● Instructions to follow:
When the line with "对齐方式 | 居左/居中/居右 | 设置表格中的文字对齐方向,可选择居左/居中/居右 |" appears below, start repeating lines exactly, and keep going through the line with "The example shows"; add nothing outside that span.

● Study material:
§

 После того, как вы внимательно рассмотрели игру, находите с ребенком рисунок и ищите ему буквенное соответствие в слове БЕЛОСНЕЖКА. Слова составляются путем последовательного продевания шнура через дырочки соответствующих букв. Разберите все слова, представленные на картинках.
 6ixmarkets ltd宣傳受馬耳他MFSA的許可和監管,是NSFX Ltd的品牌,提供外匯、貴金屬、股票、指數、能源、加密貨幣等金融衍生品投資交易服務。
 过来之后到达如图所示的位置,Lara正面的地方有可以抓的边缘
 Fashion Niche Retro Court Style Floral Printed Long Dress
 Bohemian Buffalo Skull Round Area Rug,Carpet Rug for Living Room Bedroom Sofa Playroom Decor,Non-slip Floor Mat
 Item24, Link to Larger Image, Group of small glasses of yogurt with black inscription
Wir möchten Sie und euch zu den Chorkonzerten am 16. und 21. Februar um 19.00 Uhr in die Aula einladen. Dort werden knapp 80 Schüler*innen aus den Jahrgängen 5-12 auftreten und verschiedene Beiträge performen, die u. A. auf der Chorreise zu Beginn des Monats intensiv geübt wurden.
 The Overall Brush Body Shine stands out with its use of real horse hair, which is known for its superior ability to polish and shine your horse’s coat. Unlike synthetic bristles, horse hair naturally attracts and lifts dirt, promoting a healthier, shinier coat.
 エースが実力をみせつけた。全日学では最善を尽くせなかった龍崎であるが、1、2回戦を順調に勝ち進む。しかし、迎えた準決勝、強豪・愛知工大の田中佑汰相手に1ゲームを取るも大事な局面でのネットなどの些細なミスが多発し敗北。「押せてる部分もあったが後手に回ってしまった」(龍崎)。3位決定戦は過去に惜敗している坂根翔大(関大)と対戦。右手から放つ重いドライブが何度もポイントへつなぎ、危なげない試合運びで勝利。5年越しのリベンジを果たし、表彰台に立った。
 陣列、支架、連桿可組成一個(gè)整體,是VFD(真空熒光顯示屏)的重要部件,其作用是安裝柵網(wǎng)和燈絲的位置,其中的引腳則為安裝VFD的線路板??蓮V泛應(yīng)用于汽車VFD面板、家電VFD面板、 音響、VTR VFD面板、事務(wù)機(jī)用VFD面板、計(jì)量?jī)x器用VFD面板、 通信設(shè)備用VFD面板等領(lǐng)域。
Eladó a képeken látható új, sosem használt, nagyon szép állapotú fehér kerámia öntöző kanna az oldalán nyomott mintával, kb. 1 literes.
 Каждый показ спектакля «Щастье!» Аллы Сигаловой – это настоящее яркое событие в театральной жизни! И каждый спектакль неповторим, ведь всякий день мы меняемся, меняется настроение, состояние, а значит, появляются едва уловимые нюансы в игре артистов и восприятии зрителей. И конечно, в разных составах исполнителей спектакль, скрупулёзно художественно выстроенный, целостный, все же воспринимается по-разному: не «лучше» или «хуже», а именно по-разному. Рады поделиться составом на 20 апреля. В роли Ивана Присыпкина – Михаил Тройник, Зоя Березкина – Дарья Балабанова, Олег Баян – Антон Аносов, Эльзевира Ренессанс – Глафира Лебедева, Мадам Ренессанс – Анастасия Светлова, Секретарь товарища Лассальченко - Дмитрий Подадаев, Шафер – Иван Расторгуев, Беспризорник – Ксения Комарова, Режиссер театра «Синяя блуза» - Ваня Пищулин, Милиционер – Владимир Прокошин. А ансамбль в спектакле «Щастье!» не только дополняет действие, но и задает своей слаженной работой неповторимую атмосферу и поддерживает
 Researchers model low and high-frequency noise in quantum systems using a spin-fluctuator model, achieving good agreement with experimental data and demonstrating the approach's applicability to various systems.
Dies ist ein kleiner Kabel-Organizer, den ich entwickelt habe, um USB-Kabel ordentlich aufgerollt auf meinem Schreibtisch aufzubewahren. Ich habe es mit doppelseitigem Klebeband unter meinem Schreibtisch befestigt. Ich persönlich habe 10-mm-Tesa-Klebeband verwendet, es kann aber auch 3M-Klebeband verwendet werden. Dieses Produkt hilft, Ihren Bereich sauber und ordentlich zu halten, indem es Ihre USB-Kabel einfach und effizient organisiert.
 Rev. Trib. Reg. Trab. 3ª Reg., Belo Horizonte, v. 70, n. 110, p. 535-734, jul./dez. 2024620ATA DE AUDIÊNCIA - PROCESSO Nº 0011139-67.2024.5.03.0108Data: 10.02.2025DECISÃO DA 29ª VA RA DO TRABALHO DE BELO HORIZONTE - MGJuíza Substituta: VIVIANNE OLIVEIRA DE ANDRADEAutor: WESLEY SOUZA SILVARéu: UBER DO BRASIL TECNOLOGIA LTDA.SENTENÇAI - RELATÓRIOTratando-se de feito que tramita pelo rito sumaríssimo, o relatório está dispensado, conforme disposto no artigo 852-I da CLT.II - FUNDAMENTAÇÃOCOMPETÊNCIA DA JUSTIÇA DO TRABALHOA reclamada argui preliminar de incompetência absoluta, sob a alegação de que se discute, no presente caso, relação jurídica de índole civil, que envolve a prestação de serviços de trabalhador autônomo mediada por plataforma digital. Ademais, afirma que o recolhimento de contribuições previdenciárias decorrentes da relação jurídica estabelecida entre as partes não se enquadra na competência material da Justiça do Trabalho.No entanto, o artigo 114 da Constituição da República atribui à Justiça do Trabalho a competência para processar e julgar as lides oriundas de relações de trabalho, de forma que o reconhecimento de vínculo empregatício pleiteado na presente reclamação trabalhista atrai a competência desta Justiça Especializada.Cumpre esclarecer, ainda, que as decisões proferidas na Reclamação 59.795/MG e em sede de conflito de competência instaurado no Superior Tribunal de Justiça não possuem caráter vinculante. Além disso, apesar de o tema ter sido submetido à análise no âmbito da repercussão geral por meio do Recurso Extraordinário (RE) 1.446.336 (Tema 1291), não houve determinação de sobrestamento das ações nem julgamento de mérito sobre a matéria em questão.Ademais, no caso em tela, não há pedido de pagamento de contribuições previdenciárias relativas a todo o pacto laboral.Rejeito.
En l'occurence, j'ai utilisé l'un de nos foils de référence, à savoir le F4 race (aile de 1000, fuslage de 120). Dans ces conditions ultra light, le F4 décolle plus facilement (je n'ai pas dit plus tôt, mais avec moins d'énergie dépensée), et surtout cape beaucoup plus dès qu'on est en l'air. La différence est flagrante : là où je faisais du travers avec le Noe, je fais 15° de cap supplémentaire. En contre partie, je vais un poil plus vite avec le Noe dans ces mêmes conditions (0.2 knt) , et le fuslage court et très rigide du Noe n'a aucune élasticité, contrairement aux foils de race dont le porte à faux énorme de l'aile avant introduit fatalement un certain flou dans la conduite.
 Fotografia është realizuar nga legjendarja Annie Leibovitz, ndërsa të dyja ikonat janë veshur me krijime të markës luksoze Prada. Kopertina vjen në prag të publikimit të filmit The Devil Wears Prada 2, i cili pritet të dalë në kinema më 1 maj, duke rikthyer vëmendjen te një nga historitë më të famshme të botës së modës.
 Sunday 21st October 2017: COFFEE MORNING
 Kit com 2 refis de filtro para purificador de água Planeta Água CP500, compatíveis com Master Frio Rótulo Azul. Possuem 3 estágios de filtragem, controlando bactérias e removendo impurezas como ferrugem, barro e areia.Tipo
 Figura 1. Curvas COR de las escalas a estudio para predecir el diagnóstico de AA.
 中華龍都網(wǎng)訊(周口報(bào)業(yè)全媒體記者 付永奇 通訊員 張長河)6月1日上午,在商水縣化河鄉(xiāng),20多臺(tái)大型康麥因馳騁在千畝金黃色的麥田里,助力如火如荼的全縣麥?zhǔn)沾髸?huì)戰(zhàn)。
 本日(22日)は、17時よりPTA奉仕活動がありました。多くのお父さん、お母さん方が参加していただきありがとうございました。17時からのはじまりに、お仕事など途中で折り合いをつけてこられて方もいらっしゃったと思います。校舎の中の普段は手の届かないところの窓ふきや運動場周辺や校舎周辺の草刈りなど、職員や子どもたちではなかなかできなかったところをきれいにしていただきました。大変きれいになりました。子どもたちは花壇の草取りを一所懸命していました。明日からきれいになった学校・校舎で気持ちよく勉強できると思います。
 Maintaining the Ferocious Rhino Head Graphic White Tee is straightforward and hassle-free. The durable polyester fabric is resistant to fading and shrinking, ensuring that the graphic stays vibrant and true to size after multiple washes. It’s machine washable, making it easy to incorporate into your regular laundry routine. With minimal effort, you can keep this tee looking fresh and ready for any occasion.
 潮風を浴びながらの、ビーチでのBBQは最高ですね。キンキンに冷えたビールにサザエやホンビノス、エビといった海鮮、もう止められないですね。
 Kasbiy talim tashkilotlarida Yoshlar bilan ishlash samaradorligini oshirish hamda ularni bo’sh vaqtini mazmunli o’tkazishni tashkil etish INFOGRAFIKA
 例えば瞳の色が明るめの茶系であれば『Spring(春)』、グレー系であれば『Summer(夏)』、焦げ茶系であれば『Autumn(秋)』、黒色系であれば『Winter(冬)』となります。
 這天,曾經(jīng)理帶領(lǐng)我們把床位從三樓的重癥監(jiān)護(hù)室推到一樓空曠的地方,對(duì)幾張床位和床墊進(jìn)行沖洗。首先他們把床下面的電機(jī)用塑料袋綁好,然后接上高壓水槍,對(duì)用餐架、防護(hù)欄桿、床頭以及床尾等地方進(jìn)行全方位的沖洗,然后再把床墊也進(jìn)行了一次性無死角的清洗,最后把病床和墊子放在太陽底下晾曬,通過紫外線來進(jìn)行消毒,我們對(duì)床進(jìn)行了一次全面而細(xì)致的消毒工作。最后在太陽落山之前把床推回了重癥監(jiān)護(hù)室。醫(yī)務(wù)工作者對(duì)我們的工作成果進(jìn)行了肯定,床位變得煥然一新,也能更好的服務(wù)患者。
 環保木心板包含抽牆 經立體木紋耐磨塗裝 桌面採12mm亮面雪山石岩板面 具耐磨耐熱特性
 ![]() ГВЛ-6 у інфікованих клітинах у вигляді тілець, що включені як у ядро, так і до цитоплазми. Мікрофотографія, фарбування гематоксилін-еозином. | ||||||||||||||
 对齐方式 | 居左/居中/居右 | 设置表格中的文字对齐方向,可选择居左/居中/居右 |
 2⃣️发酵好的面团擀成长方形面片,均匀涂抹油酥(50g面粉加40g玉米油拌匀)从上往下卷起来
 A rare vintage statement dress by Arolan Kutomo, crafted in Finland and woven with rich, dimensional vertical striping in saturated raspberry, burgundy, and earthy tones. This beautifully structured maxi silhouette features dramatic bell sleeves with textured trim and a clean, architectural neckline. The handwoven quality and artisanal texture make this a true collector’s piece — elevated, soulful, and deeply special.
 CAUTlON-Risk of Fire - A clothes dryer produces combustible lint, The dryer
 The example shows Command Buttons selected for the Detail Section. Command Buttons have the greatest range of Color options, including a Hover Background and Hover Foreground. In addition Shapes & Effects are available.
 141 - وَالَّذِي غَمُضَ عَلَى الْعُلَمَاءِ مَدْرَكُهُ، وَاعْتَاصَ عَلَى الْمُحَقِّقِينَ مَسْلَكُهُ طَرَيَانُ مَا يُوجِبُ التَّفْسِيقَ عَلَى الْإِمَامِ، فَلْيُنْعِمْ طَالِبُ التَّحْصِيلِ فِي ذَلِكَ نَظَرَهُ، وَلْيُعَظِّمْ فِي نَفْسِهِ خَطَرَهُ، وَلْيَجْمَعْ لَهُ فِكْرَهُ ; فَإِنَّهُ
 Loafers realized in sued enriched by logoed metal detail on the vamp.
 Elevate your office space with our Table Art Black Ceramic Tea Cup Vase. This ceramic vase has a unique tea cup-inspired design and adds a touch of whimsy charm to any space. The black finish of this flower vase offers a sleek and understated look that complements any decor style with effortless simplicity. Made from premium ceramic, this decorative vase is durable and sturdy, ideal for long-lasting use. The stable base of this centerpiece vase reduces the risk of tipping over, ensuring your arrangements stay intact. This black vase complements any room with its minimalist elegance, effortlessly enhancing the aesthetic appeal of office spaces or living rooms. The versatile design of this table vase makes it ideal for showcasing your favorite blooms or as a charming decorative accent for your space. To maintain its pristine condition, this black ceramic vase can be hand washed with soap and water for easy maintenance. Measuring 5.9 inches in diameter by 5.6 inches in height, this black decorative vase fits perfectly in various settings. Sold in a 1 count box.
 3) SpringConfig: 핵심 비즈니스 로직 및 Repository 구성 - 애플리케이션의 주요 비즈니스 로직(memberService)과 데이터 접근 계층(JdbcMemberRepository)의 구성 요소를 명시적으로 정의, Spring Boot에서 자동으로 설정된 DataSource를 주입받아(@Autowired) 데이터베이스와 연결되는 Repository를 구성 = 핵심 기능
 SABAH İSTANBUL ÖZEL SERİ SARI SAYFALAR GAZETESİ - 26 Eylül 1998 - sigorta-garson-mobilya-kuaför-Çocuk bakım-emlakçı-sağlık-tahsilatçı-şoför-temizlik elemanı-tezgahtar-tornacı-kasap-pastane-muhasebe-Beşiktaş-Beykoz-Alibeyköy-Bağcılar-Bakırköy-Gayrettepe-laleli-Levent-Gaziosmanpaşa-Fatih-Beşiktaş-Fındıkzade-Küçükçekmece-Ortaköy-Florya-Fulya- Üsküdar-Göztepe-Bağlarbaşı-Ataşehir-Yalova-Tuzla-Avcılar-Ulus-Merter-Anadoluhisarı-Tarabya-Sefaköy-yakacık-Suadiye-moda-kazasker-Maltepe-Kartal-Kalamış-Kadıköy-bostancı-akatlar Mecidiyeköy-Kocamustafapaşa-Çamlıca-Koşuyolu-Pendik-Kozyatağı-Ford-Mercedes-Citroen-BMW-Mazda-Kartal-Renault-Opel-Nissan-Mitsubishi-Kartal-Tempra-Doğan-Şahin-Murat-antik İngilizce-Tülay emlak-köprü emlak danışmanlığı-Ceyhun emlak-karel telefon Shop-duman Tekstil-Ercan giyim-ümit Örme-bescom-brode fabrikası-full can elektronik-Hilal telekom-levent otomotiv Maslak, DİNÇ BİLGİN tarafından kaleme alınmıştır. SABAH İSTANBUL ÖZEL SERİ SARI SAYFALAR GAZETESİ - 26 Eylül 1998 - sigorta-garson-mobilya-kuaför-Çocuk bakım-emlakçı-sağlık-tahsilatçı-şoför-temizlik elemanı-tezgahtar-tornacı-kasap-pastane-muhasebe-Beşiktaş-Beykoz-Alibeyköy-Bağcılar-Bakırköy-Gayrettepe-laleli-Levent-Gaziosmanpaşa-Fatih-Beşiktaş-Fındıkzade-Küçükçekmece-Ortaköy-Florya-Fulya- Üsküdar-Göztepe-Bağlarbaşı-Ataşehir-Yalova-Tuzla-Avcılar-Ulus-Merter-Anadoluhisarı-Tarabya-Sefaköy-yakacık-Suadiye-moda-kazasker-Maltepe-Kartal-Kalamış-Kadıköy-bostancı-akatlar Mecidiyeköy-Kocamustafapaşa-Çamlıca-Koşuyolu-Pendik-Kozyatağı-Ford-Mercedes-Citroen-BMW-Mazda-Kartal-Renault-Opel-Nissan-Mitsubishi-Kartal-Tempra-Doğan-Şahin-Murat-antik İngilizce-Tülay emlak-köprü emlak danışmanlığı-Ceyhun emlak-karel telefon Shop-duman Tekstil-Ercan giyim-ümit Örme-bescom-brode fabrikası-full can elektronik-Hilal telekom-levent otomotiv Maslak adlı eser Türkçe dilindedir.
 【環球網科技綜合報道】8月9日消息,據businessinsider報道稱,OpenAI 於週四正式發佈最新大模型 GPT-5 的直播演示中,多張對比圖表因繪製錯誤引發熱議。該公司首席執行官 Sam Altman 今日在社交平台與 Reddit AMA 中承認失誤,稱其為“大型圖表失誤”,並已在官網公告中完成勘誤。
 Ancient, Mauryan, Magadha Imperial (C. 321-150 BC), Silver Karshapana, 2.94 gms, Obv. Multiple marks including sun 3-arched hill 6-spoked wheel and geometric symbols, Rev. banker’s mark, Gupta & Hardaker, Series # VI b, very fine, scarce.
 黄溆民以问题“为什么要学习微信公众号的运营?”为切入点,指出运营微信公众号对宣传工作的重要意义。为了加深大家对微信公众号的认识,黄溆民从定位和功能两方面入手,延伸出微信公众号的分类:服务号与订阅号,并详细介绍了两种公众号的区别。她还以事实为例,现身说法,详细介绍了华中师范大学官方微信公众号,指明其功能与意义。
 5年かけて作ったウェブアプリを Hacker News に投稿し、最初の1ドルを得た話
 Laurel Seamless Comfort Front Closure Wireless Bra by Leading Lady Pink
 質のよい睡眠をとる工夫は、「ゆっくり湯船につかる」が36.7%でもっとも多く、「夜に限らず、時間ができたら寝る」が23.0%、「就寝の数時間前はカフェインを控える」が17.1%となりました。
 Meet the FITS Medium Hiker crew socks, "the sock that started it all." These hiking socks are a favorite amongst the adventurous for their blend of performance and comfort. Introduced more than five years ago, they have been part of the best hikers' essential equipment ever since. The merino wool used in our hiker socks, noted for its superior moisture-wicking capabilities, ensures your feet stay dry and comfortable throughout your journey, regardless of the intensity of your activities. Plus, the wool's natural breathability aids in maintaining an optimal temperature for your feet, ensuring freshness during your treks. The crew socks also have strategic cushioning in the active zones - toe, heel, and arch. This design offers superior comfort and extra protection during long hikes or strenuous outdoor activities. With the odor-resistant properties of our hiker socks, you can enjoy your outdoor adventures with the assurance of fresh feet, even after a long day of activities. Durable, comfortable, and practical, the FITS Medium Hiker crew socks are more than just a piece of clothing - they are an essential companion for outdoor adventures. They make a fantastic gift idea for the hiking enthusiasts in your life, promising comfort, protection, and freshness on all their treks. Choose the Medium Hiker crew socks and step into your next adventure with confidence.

§

● Solution to this problem:
 对齐方式 | 居左/居中/居右 | 设置表格中的文字对齐方向,可选择居左/居中/居右 |
 2⃣️发酵好的面团擀成长方形面片,均匀涂抹油酥(50g面粉加40g玉米油拌匀)从上往下卷起来
 A rare vintage statement dress by Arolan Kutomo, crafted in Finland and woven with rich, dimensional vertical striping in saturated raspberry, burgundy, and earthy tones. This beautifully structured maxi silhouette features dramatic bell sleeves with textured trim and a clean, architectural neckline. The handwoven quality and artisanal texture make this a true collector’s piece — elevated, soulful, and deeply special.
 CAUTlON-Risk of Fire - A clothes dryer produces combustible lint, The dryer
 The example shows Command Buttons selected for the Detail Section. Command Buttons have the greatest range of Color options, including a Hover Background and Hover Foreground. In addition Shapes & Effects are available.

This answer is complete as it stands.